Takatsuki Gold Densetsu Special!! Harukasan Matsuri
- Directed by: Mankyū
- Studio: Gathering
- Licensed by: NA: Funimation;
- Released: March 27, 2013 – May 29, 2013
- Episodes: 6 (List of episodes)

Puchimas!! Petit Petit Idolmaster
- Directed by: Mankyū
- Studio: Gathering
- Licensed by: NA: Funimation;
- Released: April 1, 2014 – June 30, 2014
- Episodes: 74 (List of episodes)

= Puchimas! Petit Idolmaster =

Manga series written and illustrated by Akane

Puchimas! Petit Idolmaster (ぷちます! -PETIT IDOLM@STER-, Puchimasu! Puchi Aidorumasutā) is a Japanese four-panel manga series written and illustrated by Akane, based on Bandai Namco Games' The Idolmaster franchise. The series revolves around the daily lives of the idols of 765 Production as they are joined by miniaturized versions of themselves known as Puchidols. The manga began serialization in the September 2008 issue of ASCII Media Works' Dengeki Maoh magazine and will conclude in February 2027. An original net animation (ONA) series by Gathering was streamed online between January and March 2013, with a second season streamed between April and June 2014.

==Plot and characters==

The daily lives of the idols and staff of the talent agency 765 Production are changed when the idols meet miniaturized versions of themselves known as Puchidols (ぷちどる, Puchidoru), each with their own unique personalities.

===Puchidols===
- Yukipo (ゆきぽ)

The Puchidol version of Yukiho Hagiwara. A timid Puchidol who enjoys tea and often takes rests, either in boxes or holes that she has dug herself. She grows a tanuki tail when it is cold.
- Afu (あふぅ)

The Puchidol version of Miki Hoshii. A cheeky Puchidol who loves eating onigiri; she sleeps so heavily that onigiri is the only reliable way to wake her up. Her hair turns brown and shorter in the summer.
- Chihya (ちひゃー, Chihyā)

The Puchidol version of Chihaya Kisaragi. A Puchidol who enjoys skinship with flat-chested girls but is violent towards larger chested girls, the exception being Ritsuko. In the winter, her hair grows to great lengths, also forming cat-like ears.
- Harukasan (はるかさん)

The Puchidol version of Haruka Amami.

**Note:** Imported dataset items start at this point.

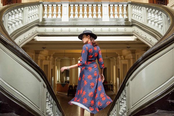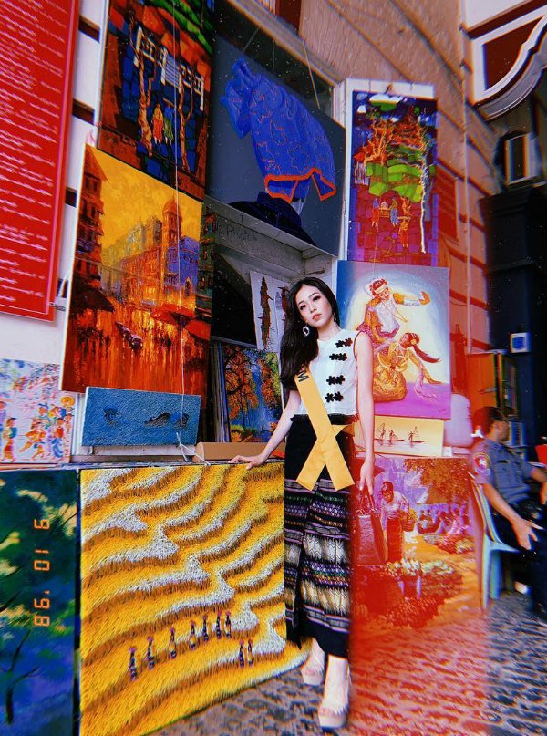 Á hậu Bùi Phương Nga diện trang phục dân tộc của phụ nữ Myanmar và chụp hình tại phòng tranh.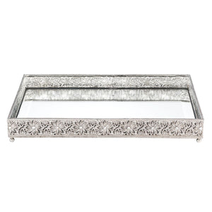 Classic estate jewelry inspired design. Silver finished pewter vanity tray, encrusted with hand-set clear European crystals. Gray moiré silk underside. Beveled mirrored glass. Footed base. Tarnish resistant. Signature luxury gift box included.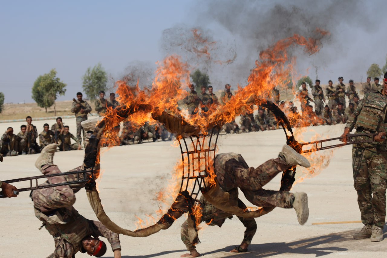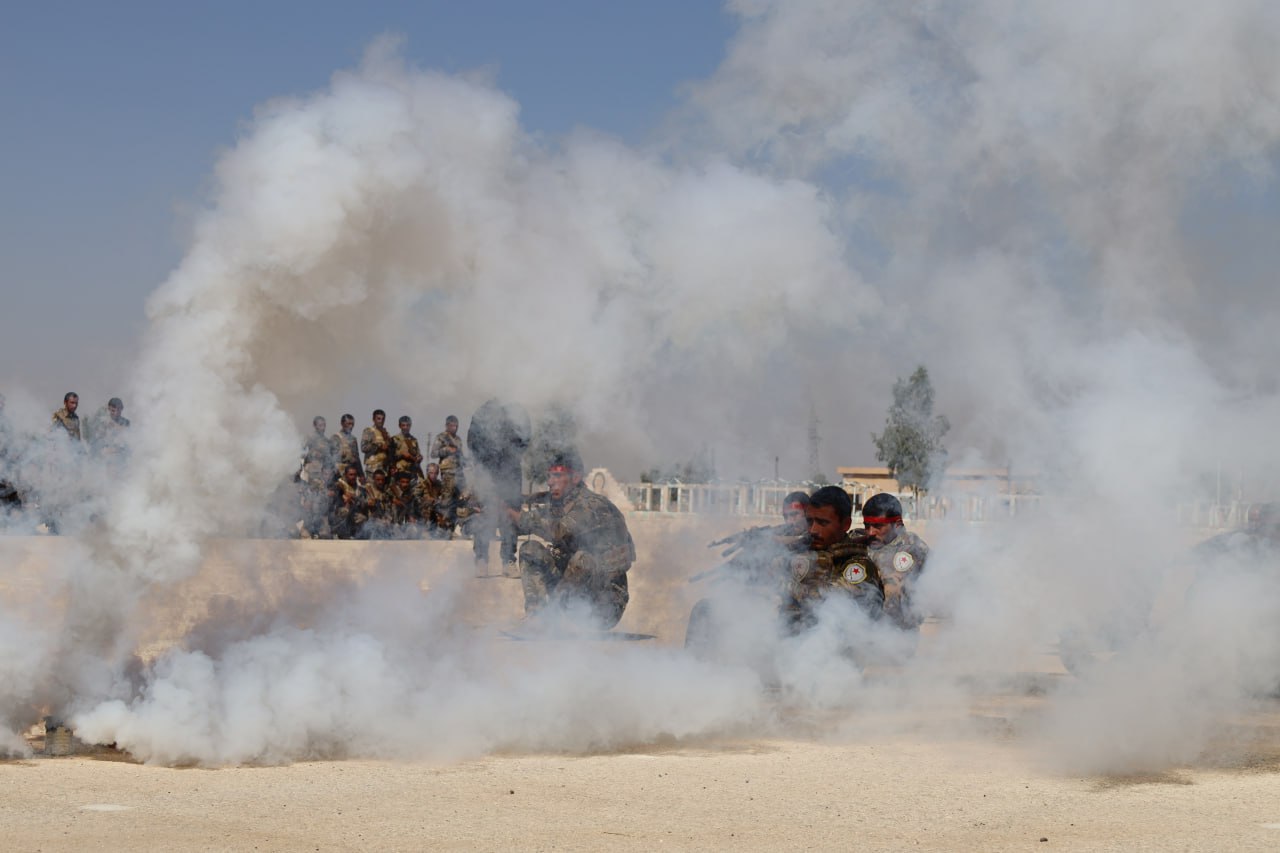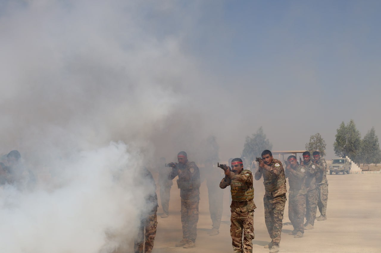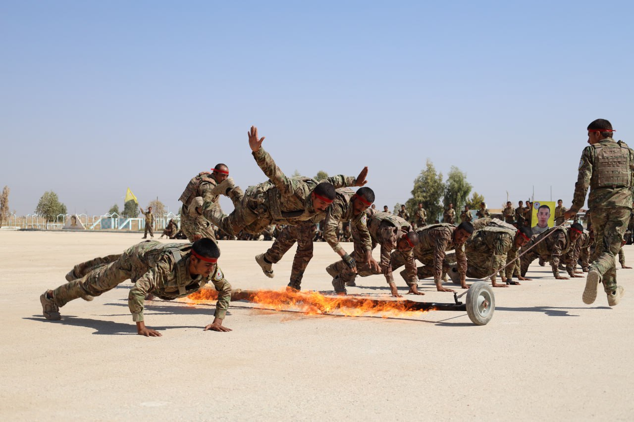 HESEKÊ – Şehit Ahmed Abdil Alhisen adına başlatılan Öz Savunma Görevi Akademisi bugün sona erdi. Eğitim devresine katılan 300 Öz Savunma Görevi üyesi eğitimlerini başarıyla tamamladı. Halkın ve birçok kurumun katılımıyla devrenin başarıyla sonlandırılması gerçekleştirilen bir moralle kutlandı. Moral askeri geçit töreniyle başladı. Ve yapılan bir çok askeri gösterilerle devam etti.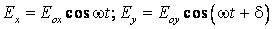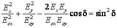 si eliminam timpul intre cele doua expresii, de unde obtinem o ecuatie identica cu (2.86) de la compunerea oscilatiilor perpendiculare: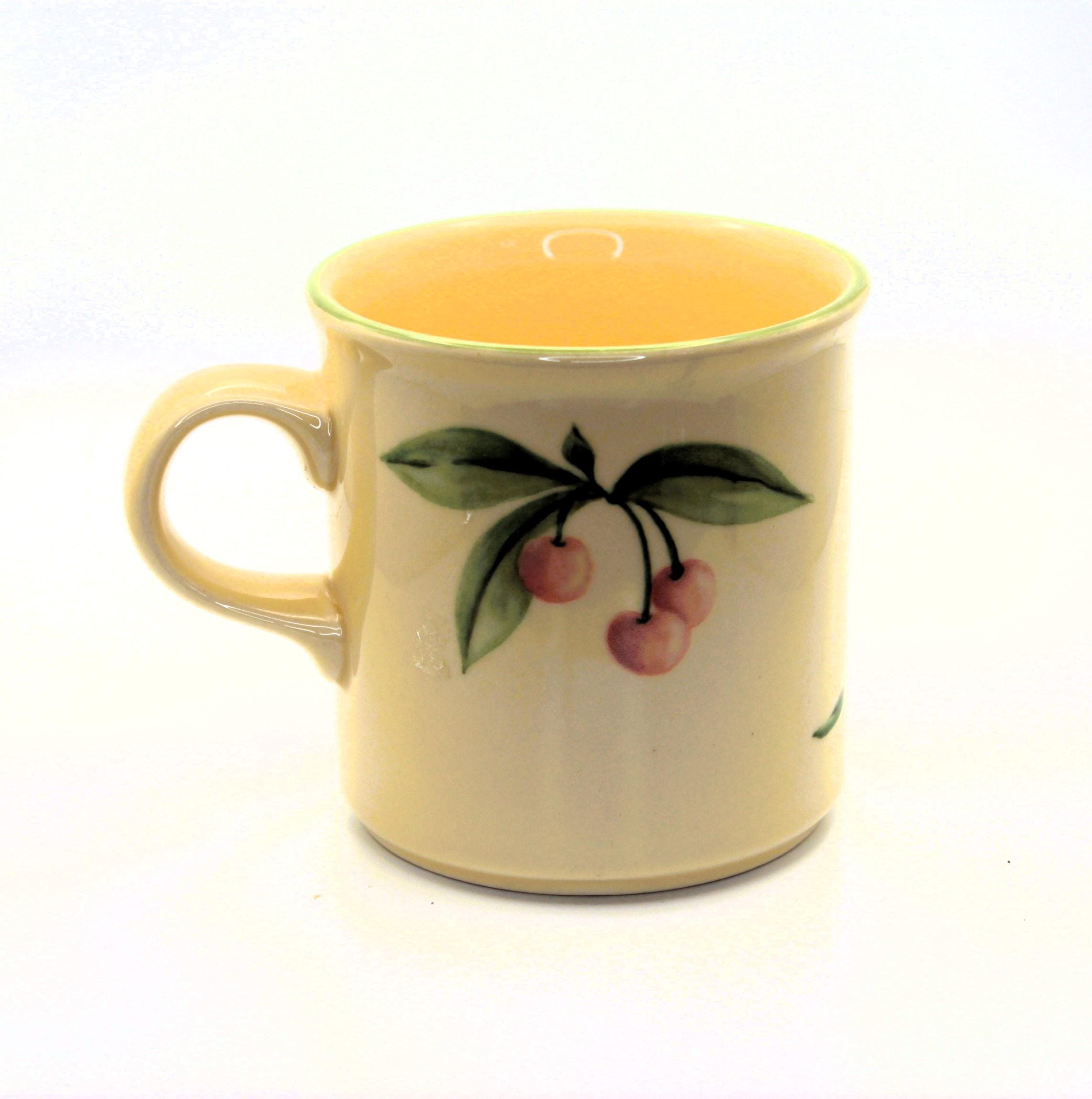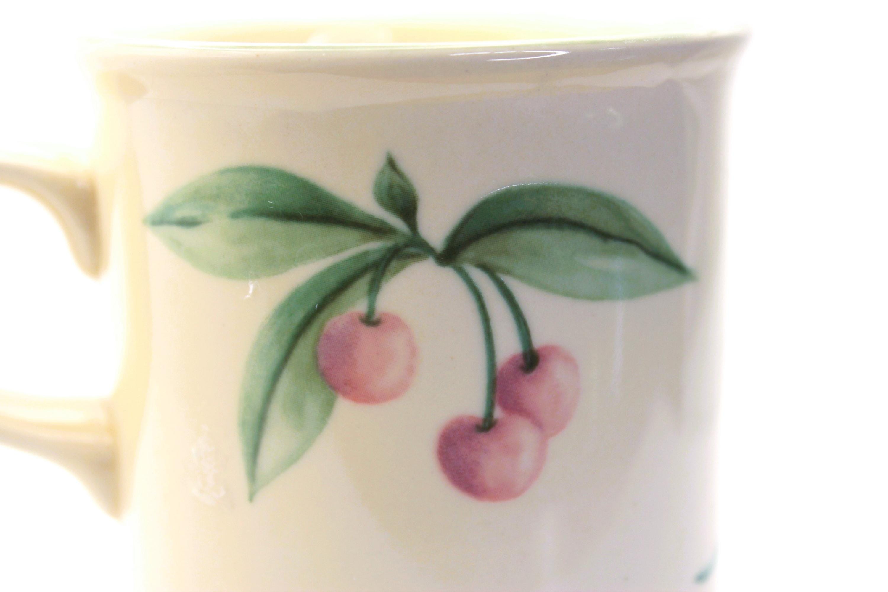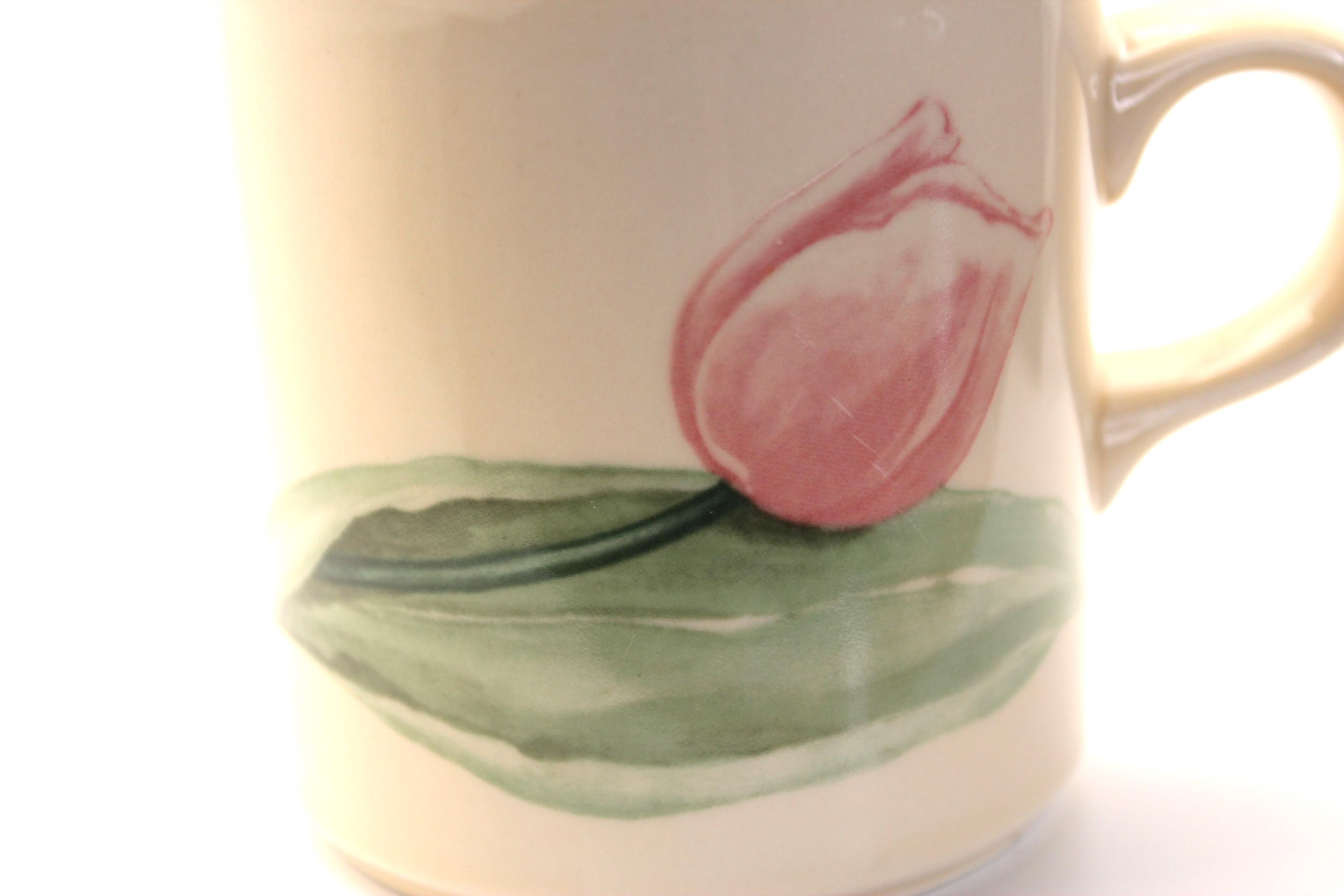 Replacement Vintage Pfaltzgraff Garden Party Coffee Mug. Adorable coffee mug is just precious with cherries on one side and tulip on the other. The base color is cream with a sage color on the rim. The graphics are pink and green. This was made in USA and has the Pfaltzgraff name embossed and printed on the bottom of the 10oz cup. It is in excellent pre-owned vintage condition. There is a very minor scratch on the tulip which I have a close up on in the photo.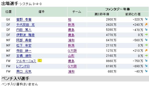鹿島から3人。マルキにキャプテンを任せます。新潟、ガンバ、浦和から2人ずつ。原口の安さについつい手を出してしまいました(笑)。寺田が出るのかどうかは最後までチェックが必要ですね。新潟には個人的に頑張ってほしいなぁ。

She is similar to Gremlins in that she multiplies when coming into contact with water, hates bright sunlight, and turns vicious when eating snacks after midnight. She also changes into a larger version often used as transport when in a large body of water.
- Yayo (やよ)

The Puchidol version of Yayoi Takatsuki. A curious Puchidol who reacts to the sound of money being dropped, often seen catching a 10 yen coin after one bounce. Her hair puffs out during cold weather and she grows bamboo shoots in the spring.
- Chicchan (ちっちゃん, Chitchan)

The Puchidol version of Ritsuko Akizuki. Like Ritsuko, she is a busy worker and is often ordering the other Puchidols around.
- Koami (こあみ) Komami (こまみ)

The Puchidol versions of Ami and Mami Futami. A pair of mischievous Puchidols who love to play pranks on others.
- Piyo Piyo (ぴよぴよ)

The Puchidol version of Kotori Otonashi. A very capable Puchidol who is better at her job than Kotori herself. She is also able to fly.
- Makochi (まこちー-, Makochī)

The Puchidol version of Makoto Kikuchi. A tough Puchidol who is incredibly strong and also has healing powers. She often gains weight due to Makoto overfeeding her.
- Miurasan (みうらさん)

The Puchidol version of Azusa Miura. A ditzy Puchidol who has the habit of teleporting herself, and anyone near her, to a random location upon hearing sharp noises.
- Io (いお)

The Puchidol version of Iori Minase. A tsundere Puchidol who is capable of firing laser beams from her forehead.
- Chibiki (ちびき)

The Puchidol version of Hibiki Ganaha. An easily-frightened Puchidol who summons various animals whenever she starts crying or gets frightened.
- Takanya (たかにゃ)

The Puchidol version of Takane Shijou. A refined Puchidol who mainly communicates in writing kanji and loves eating ramen.

==Media==
===Manga===
Puchimas! Petit Idolmaster is a four-panel comic strip manga series written and illustrated by Akane. It started serialization in the September 2008 issue of ASCII Media Works' Dengeki Maoh magazine. The first tankōbon volume was published on November 27, 2009, and 15 volumes have been released as of December 27, 2024.

===Anime===

A 64-episode original net animation (ONA) adaptation began streaming on Animate.tv and Niconico every weekday between January 1 and March 29, 2013. Funimation began simulcasting the series on January 14, 2013. The episodes were released on three Blu-ray Disc (BD) and DVD compilation volumes between March 27 and May 29, 2013. An original video animation (OVA) episode was bundled with Dengeki Maoh on October 27, 2012. Another OVA, titled Takatsuki Gold Legend Special!! Harukasan Festival (高槻ゴールド伝説すぺしゃる!! はるかさん祭り, Takatsuki Gōrudo Densetsu Supesharu!! Harukasan Matsuri), was released consisting of six episodes; three bundled with the limited edition of the fifth manga volume released on March 27, 2013, and three included in each BD/DVD volume of the series. A second season, titled Puchimas!! Petit Petit Idolmaster (ぷちます!! プチプチ・アイドルマスター, Puchimasu!! Puchi Puchi Aidorumasutā), was streamed on Niconico for 74 episodes between April 1 and June 30, 2014, and was also simulcast by Funimation.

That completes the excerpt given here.